Incredible database now includes almost every protein known to science
Last year, Alphabet’s DeepMind released an open source database of the 3D structures of hundreds of thousands of proteins, including all 20,000 known proteins in the human body. Now, this AlphaFold Protein Structure Database has been expanded to 200 million, including almost every protein known to science.
Proteins are the workhorses of living cells, performing untold numbers of biological processes vital for life. They’re made up of chains of amino acids that fold into intricate three-dimensional shapes, which dictates their function. Mapping out the structures of proteins is important to understand what they do, how they work, and how things can go wrong, which is key to research into everything from new medicines and treatments to improving crops and animal conservation.
But it remains tricky to calculate the exact structure of a protein based on the amino acids that make it up. Figuring this out usually requires a huge amount of computing power and human work hours, and the situation has become known as the "protein folding problem." As such, progress had been relatively slow over the decades.
That is, until Alphabet set its powerful DeepMind AI on the problem. Originally trained on 100,000 known protein structures, the system developed the ability to predict the structures of the many millions of other proteins, with each one taking mere minutes or seconds rather than months or years to ascertain.
In July 2021 the first AlphaFold Protein Structure Database was released to the public for scientists to study. It originally contained over 350,000 protein structures, including around 98.5 percent of human proteins as well as those found in fruit flies, mice, yeast and E. coli. It was later expanded to around a million protein structures from 10,000 species of animals, plants, bacteria, fungi and other organisms. In the year since, over 500,000 scientists from around the world have accessed the database to aid their research.
Now, DeepMind has released a massive new update to the database, which now includes around 214 million structures from a million species. That covers almost every protein currently known to science, offering a huge boon to research into disease treatments, vaccines, sustainability, antibiotic resistance, and even plastic pollution.

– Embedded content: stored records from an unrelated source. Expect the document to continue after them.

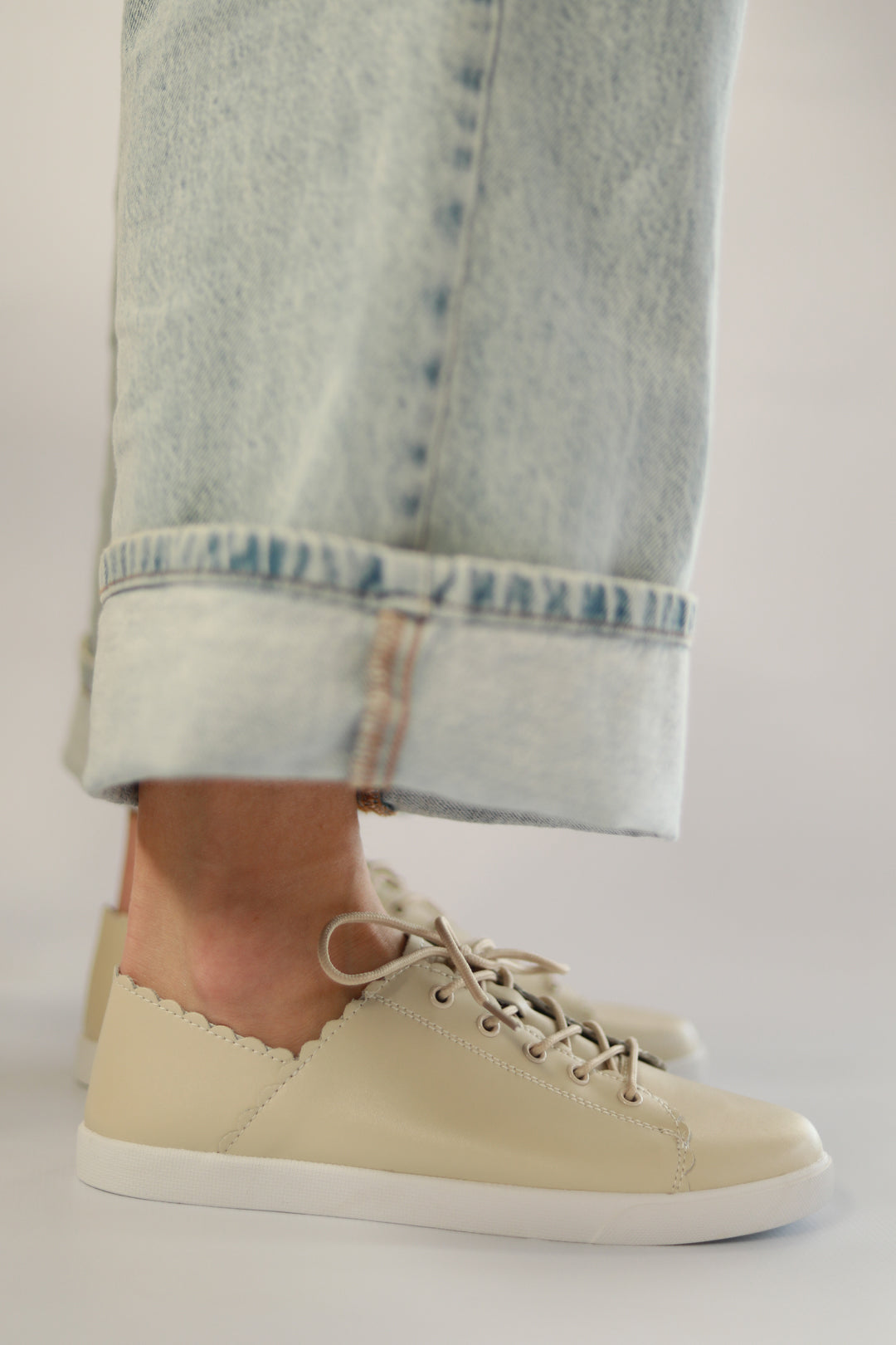 Subtle Style Statement: Crafted from soft beige leather, Chloe's neutral tone makes it endlessly versatile while the scalloped trim adds just the right amount of charm.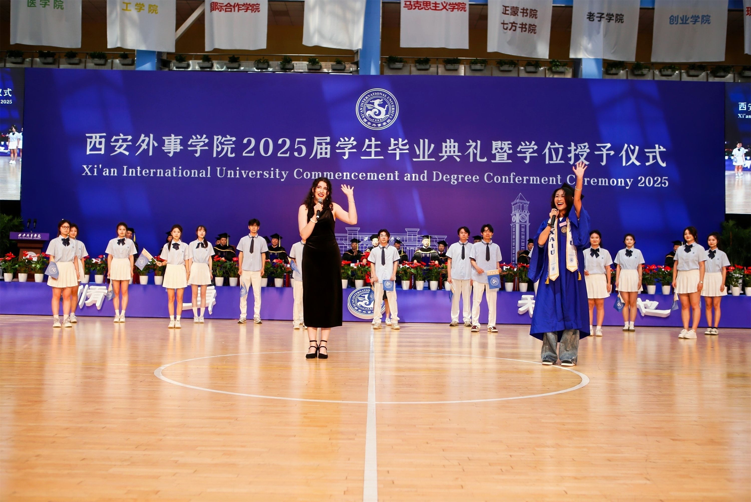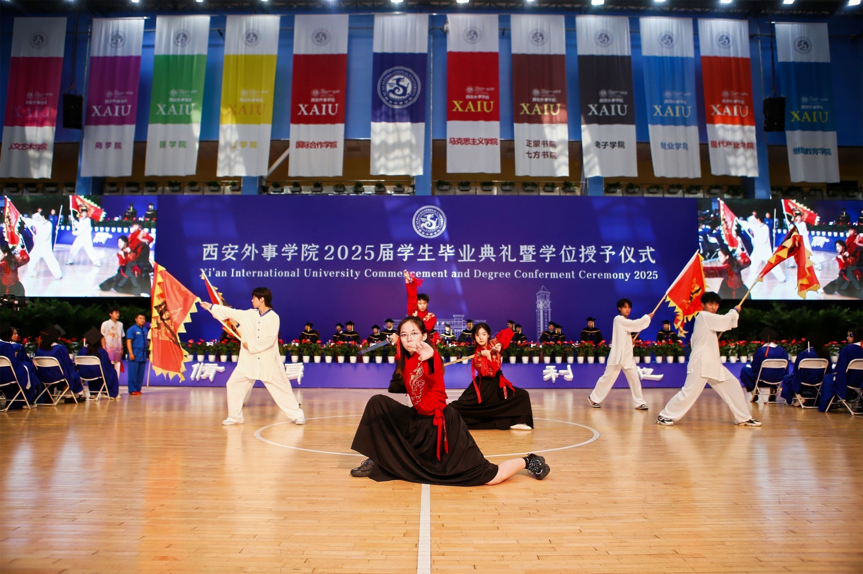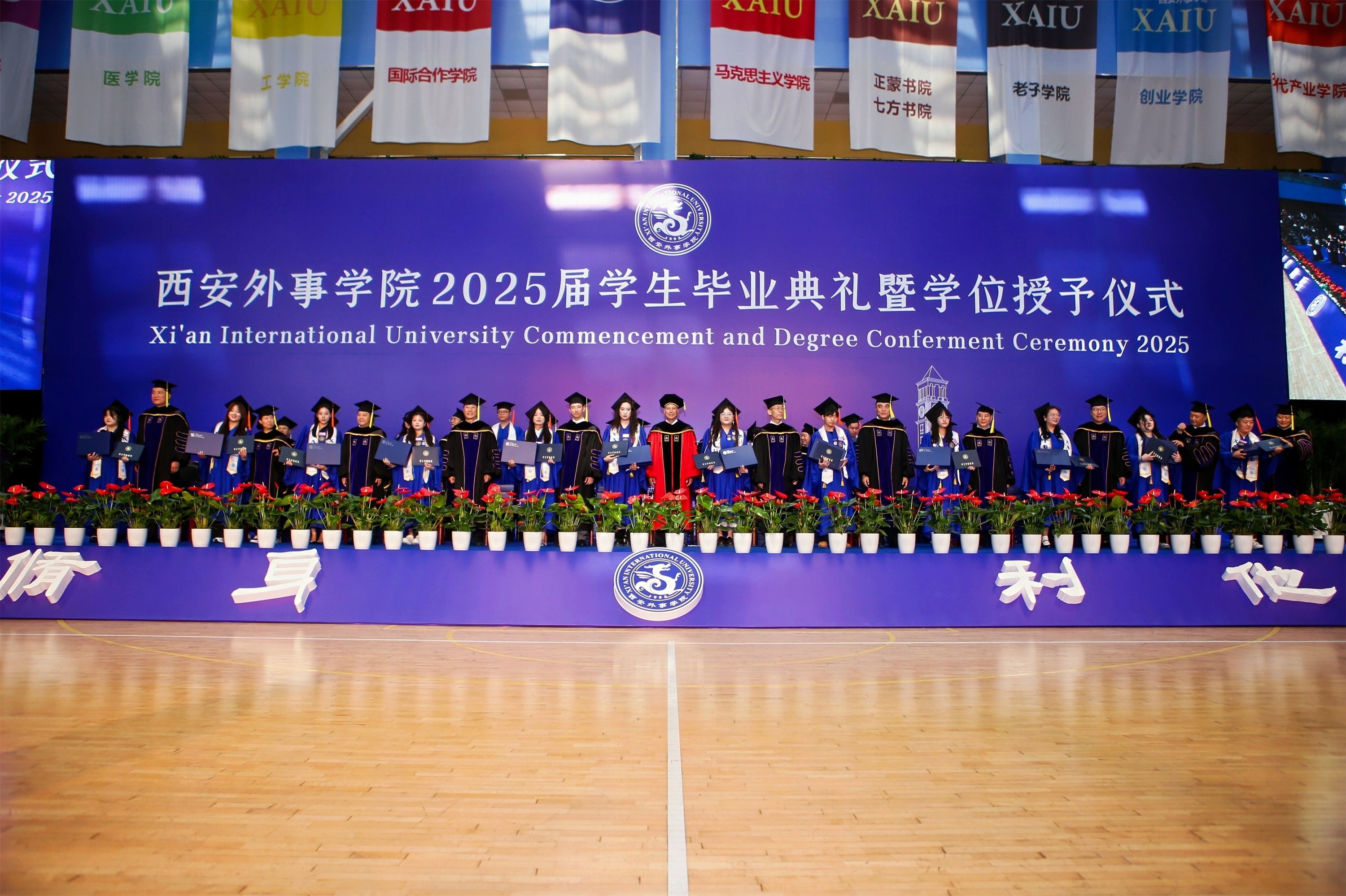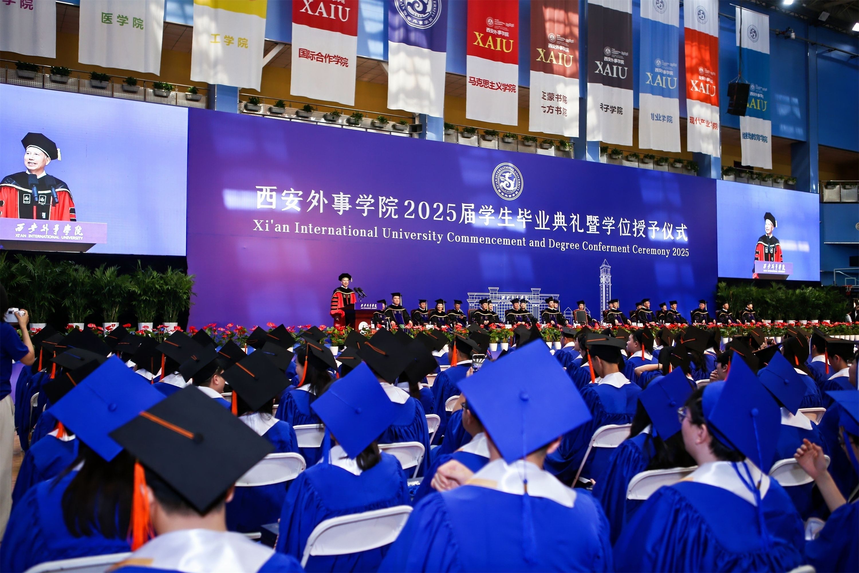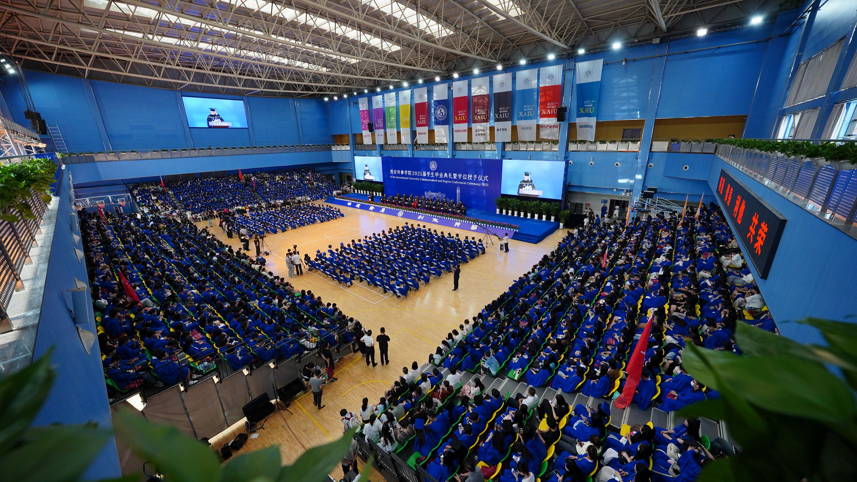 6月21日上午,西安外事学院2025届学生毕业典礼暨学位授予仪式在体育馆盛大举行。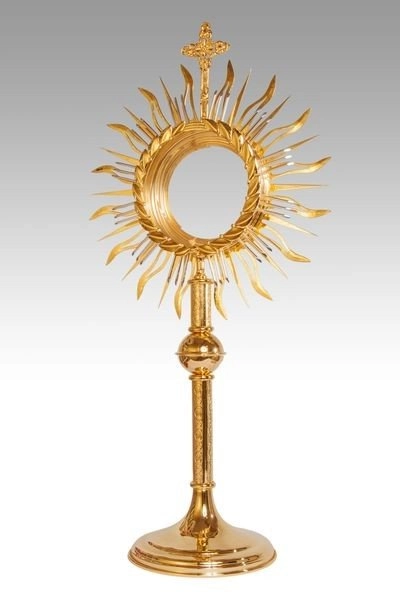 Naczynie liturgiczne używane podczas Mszy Św. oraz procesji, wykonane z mosiądzu, pozłacane 24 karatowym złotem.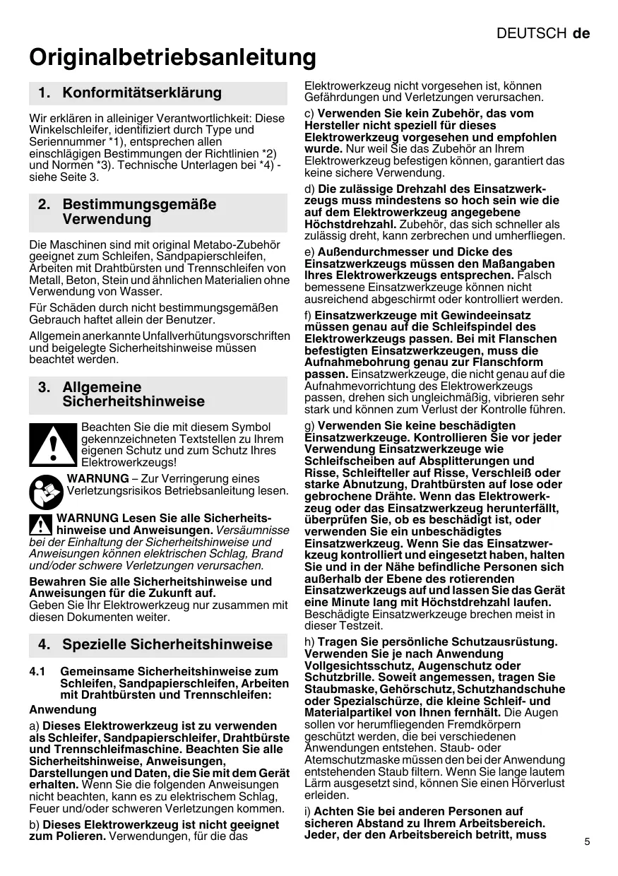 Laden Sie die Anleitung für Ihr Winkelschleifer kostenlos im PDF-Format! Finden Sie Ihr Handbuch W 22-180 MVT W 22-230 MVT WE 22-180 MVT WE 22-230 MVT WE 22-230 MVT Quick - METABO und nehmen Sie Ihr elektronisches Gerät wieder in die Hand. Auf dieser Seite sind alle Dokumente veröffentlicht, die für die Verwendung Ihres Geräts notwendig sind. W 22-180 MVT W 22-230 MVT WE 22-180 MVT WE 22-230 MVT WE 22-230 MVT Quick von der Marke METABO.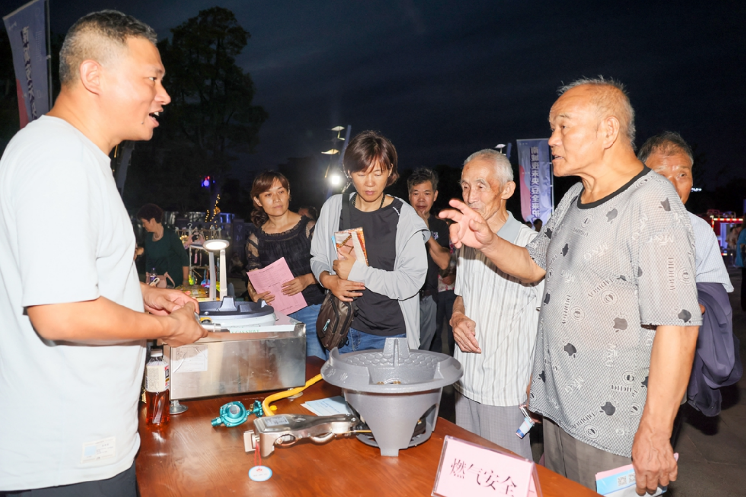 “这类可调节的低压阀,不能用,有安全隐患。”“私接电线为电动车充电,极易引起火灾。”……在安全宣传服务区里,工作人员围绕燃气安全、消防安全、食品安全、网络安全、工会探视、职业健康等相关安全知识,分设不同摊位,向前来逛夜市的群众娓娓道来生活中的安全细节。
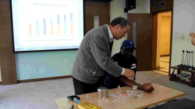 上午,上海中医药大学国际交流处长郑林赟教授为外国专家们介绍了中医药学从形成到繁荣、从继承到创新的轨迹。国际教育学院周文新教授(前马来西亚国际医药大学中医系主任、前美国奥古斯塔大学中医孔子学院中方院长)专题讲解了针灸、艾灸和拔罐等最常见的几种中医疗法,并邀请外国专家现场体验和互动。两位专家深入浅出的英语讲解、深厚渊博的专业知识得到了听众们的热烈掌声。外国专家们踊跃提问发言,并提出自己对中医药学的独到见解。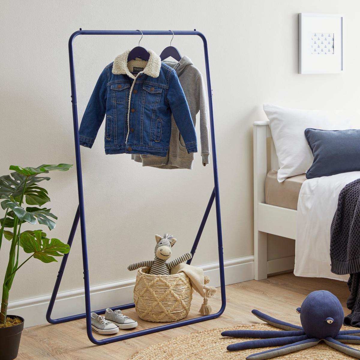 I love the navy kids rail for its sleek and practical design that seamlessly fits into a variety of interiors, from modern minimal to cosy nursery spaces. Its simple frame adds a touch of colour without overwhelming the room, making it a versatile piece that can be styled with hanging storage or layered with baskets on the floor for a fun, organised look. It works particularly well in bedrooms with neutral or soft colour palettes, adding a pop of colour and organisation without clutter. Practical styling tips include pairing it with colourful or patterned hangers to inject personality, or adding small hooks for accessories or bags. It’s ideal for encouraging tidiness while keeping clothes easily accessible for little ones.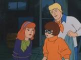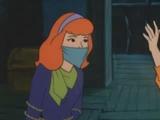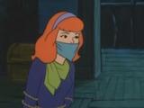 Danger-prone Daphne (Voiced by Heather North) is captured by a swamp witch and her zombie cohort. Fred and Velma track the villains back to an abandoned riverboat and discover Daphne trussed up and gagged and hidden under a sheet in a hidden compartment.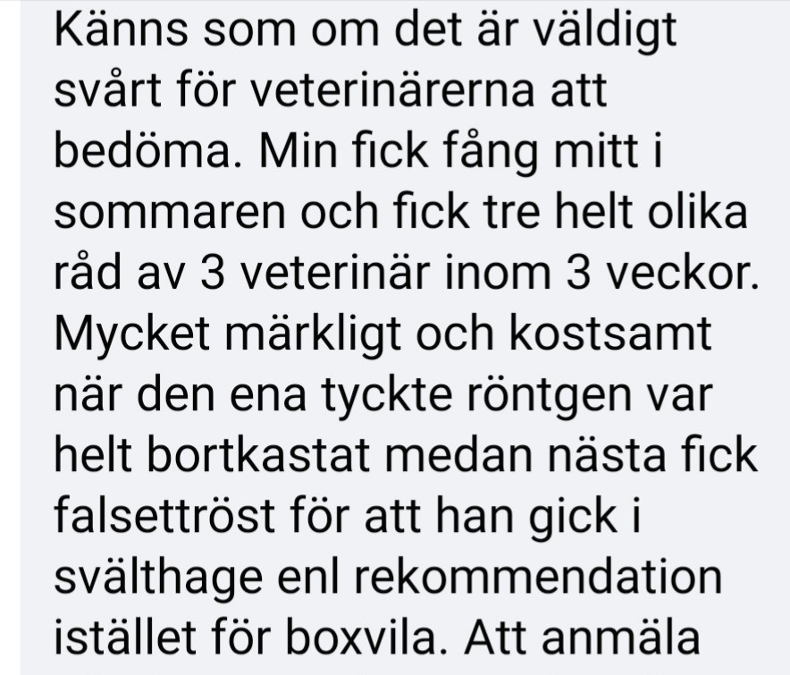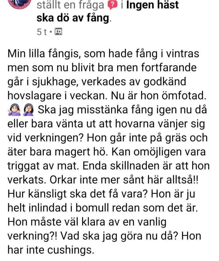| Om hästen är nyskodd eller skodd med sula, ta om möjligt av skorna. Gör inga andra förändringar på hovarna i det akuta skedet. /Evidensia | Om hästen är nyskodd eller skodd med sula, ta av skorna!!! Gör en fångverkning. (avlasta hovväggarna). Om man verkar omedelbart kan man helt förhindra att hovväggen tänjs loss /att “hovbensrotation” uppkommer. Du måste inte enligt lagen använda en Godkänd hovslagare vid akut fång, du har rätt att åtgärda akut lidande om det anses ta “för lång tid” innan veterinär eller utbildad hovvårdare kommer. Vid lättare känningar går även hovformvårdare bra. Vart nivån går däremellan är lite oklart. Hitta dem på fliken hovvårdare. |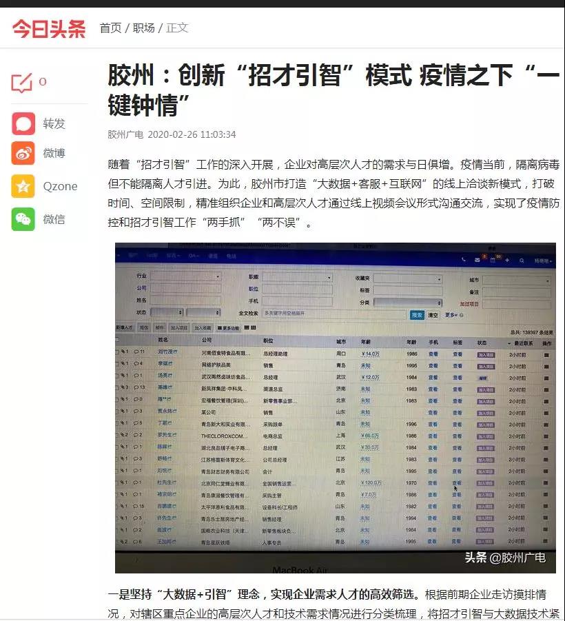 为帮助胶州企业做好疫情特殊时期的人才招聘工作,近日,青岛胶州市人力资源和社会保障局深入落实青岛市政府支持中小企业保经营稳发展18条政策精神,努力实现疫情防控与“招才引智”两手抓、两不误,联合云智咨询猎头公司,打造“大数据+客服+互联网”的线上洽谈新模式,打破时间、空间限制,精准组织企业和高层次人才通过线上视频会议形式沟通交流,助力引才,共克时艰!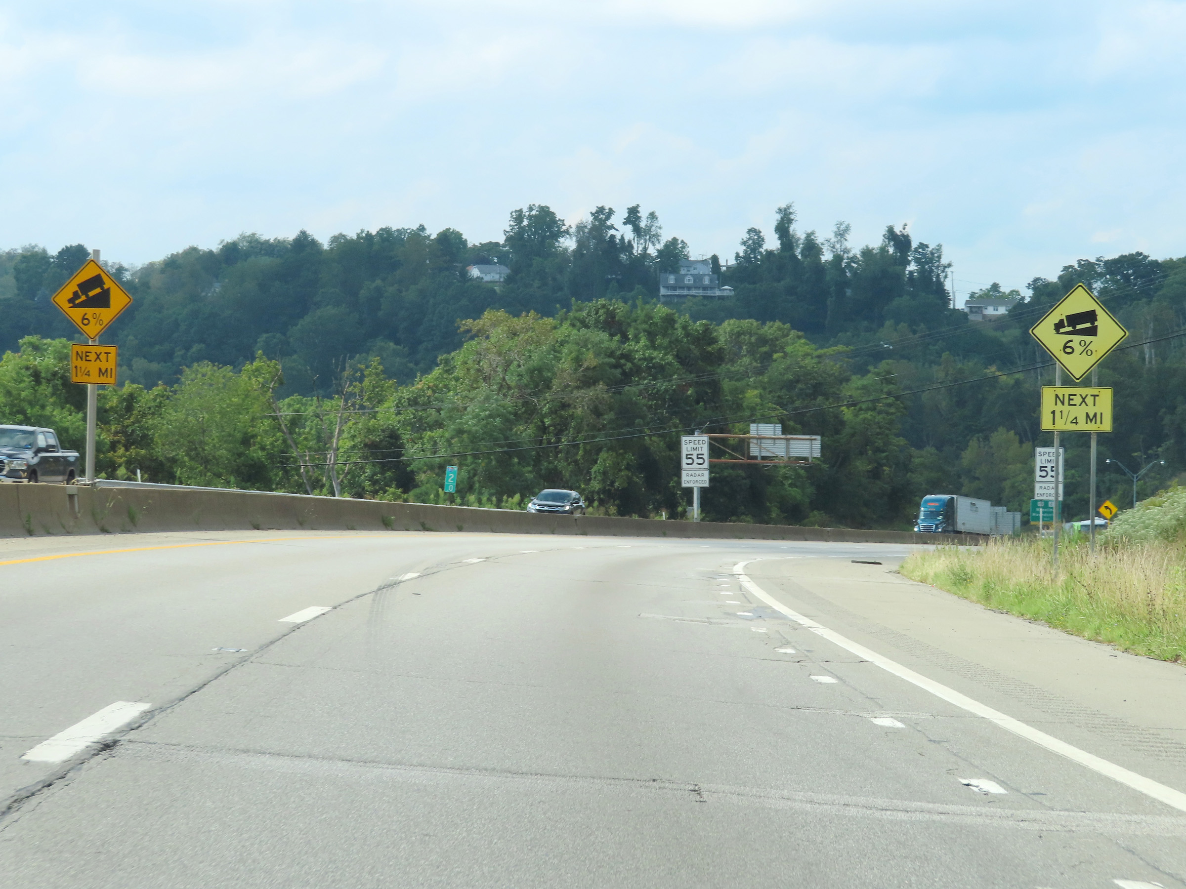These warning signs at mile marker 2 show that Interstate 470 West will traverse a 6% downgrade which lasts for the next 1 1/4 miles as it descends down toward the Ohio River. (Photo taken 8/21/22). |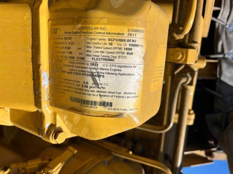 Used CAT 3512C Marine Propulsion Engine Core; 2011 Model - 50,000 Original Hours; 1300HP @ 1200RPM; Keel Cooling Configuration; Right Hand Service Side; Standard Rotation; SAE 00 Housing; Deep Sump Oil Pan; Rebuildable Core

“AlphaFold has already accelerated and enabled massive discoveries, including cracking the structure of the nuclear pore complex,” said Eric Topol, director of the Scripps Research Translational Institute. “And with this new addition of structures illuminating nearly the entire protein universe, we can expect more biological mysteries to be solved each day."
The entire database of protein structures, comprised of over 25 Terabytes of data, can be downloaded from Google Cloud Public Datasets.